### YOUR INSTRUCTIONS
Your job is to give again, exactly and with no additions, the lines in the records below from the one with "Blouse bleu, 6" through the one with "Korean girls short", both included. Omit the pictures.

### ENTRIES PROVIDED
####

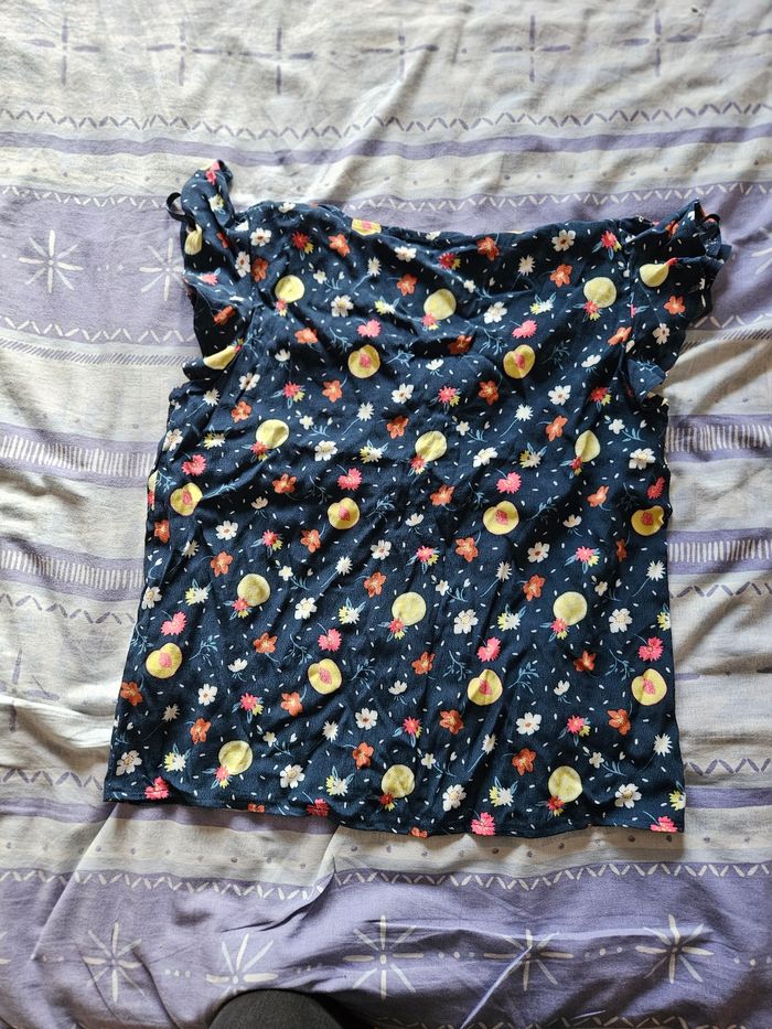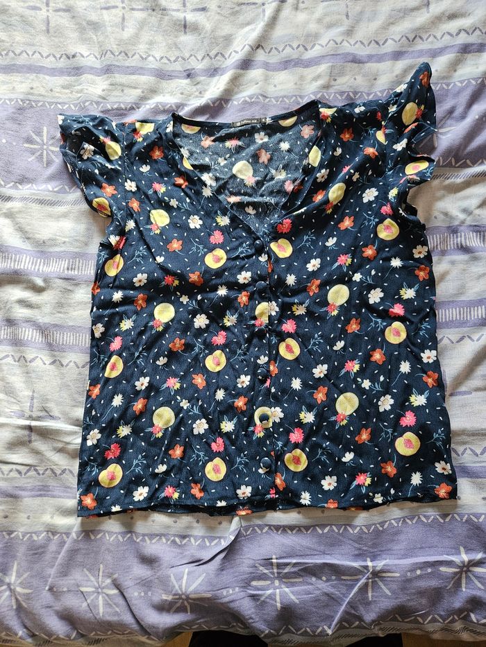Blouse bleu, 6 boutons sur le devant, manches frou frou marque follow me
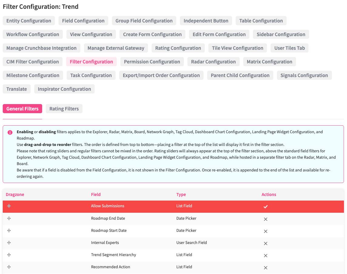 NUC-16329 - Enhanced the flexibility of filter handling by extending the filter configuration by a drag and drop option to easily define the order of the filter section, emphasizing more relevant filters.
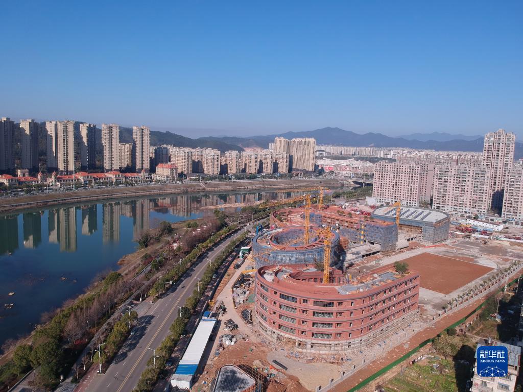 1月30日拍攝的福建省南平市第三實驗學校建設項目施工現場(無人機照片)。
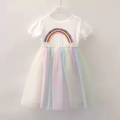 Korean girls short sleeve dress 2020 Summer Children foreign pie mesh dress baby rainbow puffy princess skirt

####

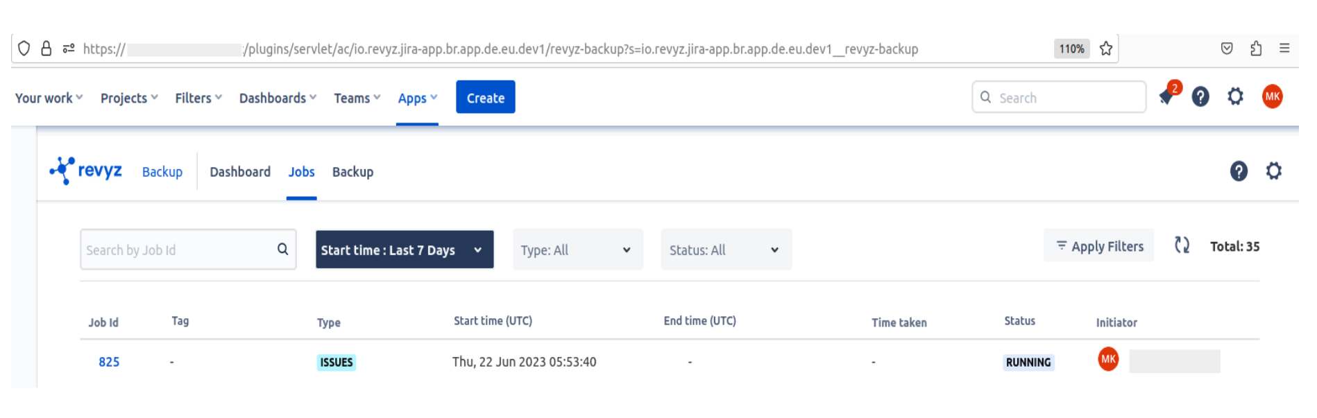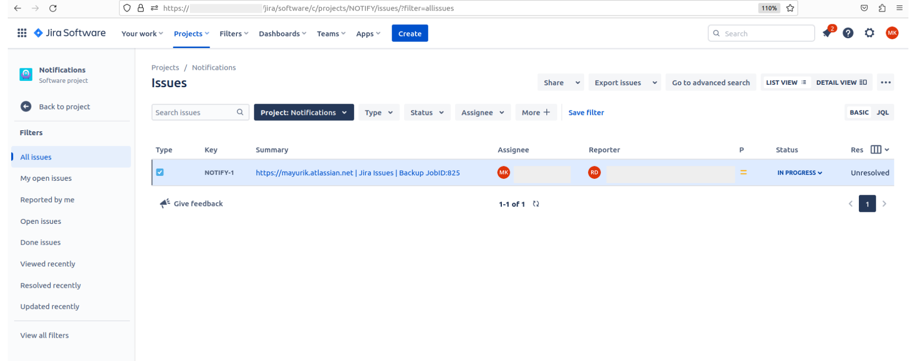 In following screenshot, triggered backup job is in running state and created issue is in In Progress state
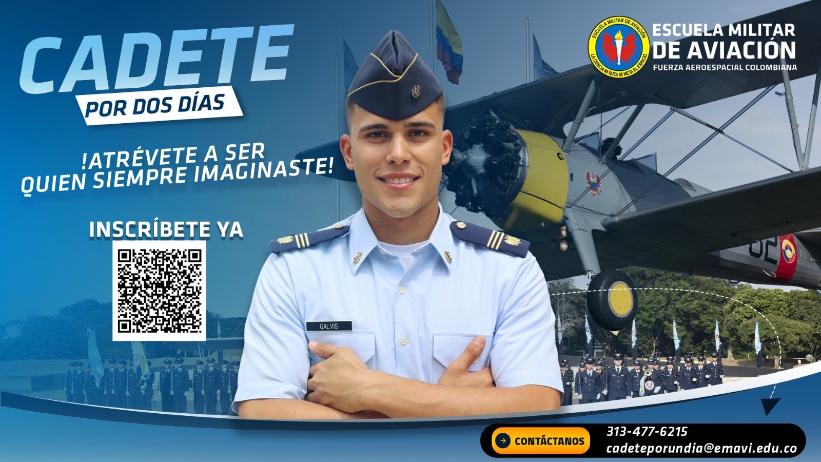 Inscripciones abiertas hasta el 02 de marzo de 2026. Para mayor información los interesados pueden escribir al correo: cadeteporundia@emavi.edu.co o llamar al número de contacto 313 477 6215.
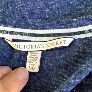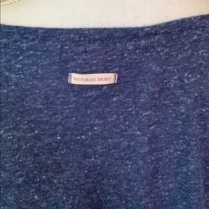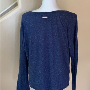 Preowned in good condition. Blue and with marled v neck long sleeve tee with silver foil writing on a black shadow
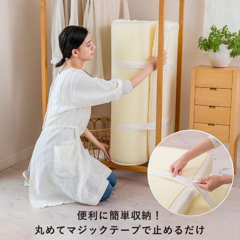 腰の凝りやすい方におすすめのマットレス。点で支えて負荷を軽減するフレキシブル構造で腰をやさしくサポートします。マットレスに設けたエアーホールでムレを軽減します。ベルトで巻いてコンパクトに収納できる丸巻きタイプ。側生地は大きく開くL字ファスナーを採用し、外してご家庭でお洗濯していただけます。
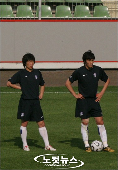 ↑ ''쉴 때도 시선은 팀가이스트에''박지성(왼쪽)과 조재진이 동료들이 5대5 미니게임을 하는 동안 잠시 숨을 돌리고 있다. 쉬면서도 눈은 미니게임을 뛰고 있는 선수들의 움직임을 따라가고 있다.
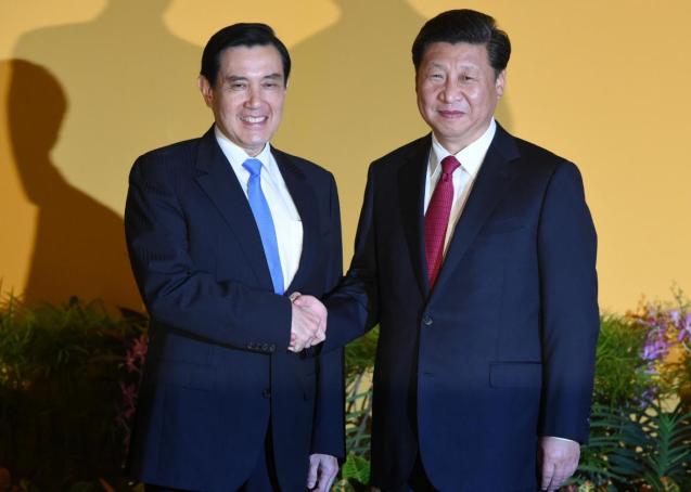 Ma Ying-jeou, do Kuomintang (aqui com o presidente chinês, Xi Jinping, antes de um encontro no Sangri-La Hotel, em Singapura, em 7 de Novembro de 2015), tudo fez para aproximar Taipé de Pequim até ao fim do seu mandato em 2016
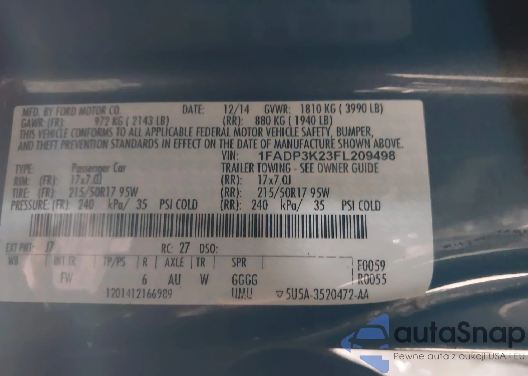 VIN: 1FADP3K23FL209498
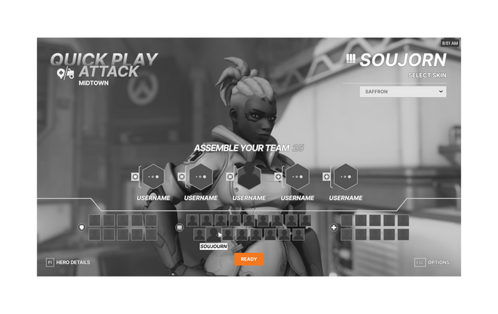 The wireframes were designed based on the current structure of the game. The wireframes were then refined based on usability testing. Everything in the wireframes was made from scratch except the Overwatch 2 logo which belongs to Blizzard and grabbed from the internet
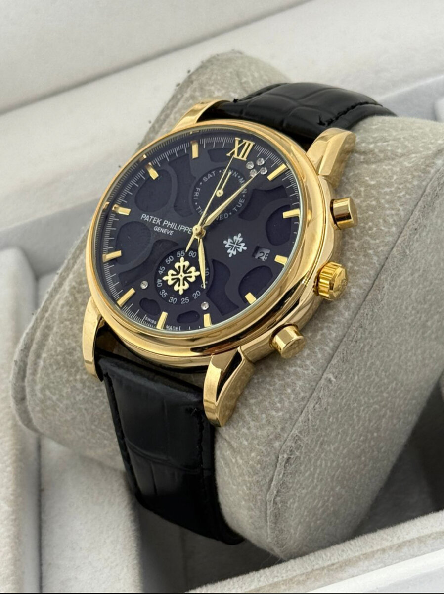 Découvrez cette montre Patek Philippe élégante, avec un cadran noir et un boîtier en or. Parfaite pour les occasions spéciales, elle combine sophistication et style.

####

### ANSWER AREA
Blouse bleu, 6 boutons sur le devant, manches frou frou marque follow me
 NUC-16329 - Enhanced the flexibility of filter handling by extending the filter configuration by a drag and drop option to easily define the order of the filter section, emphasizing more relevant filters.
 1月30日拍攝的福建省南平市第三實驗學校建設項目施工現場(無人機照片)。
 Korean girls short sleeve dress 2020 Summer Children foreign pie mesh dress baby rainbow puffy princess skirt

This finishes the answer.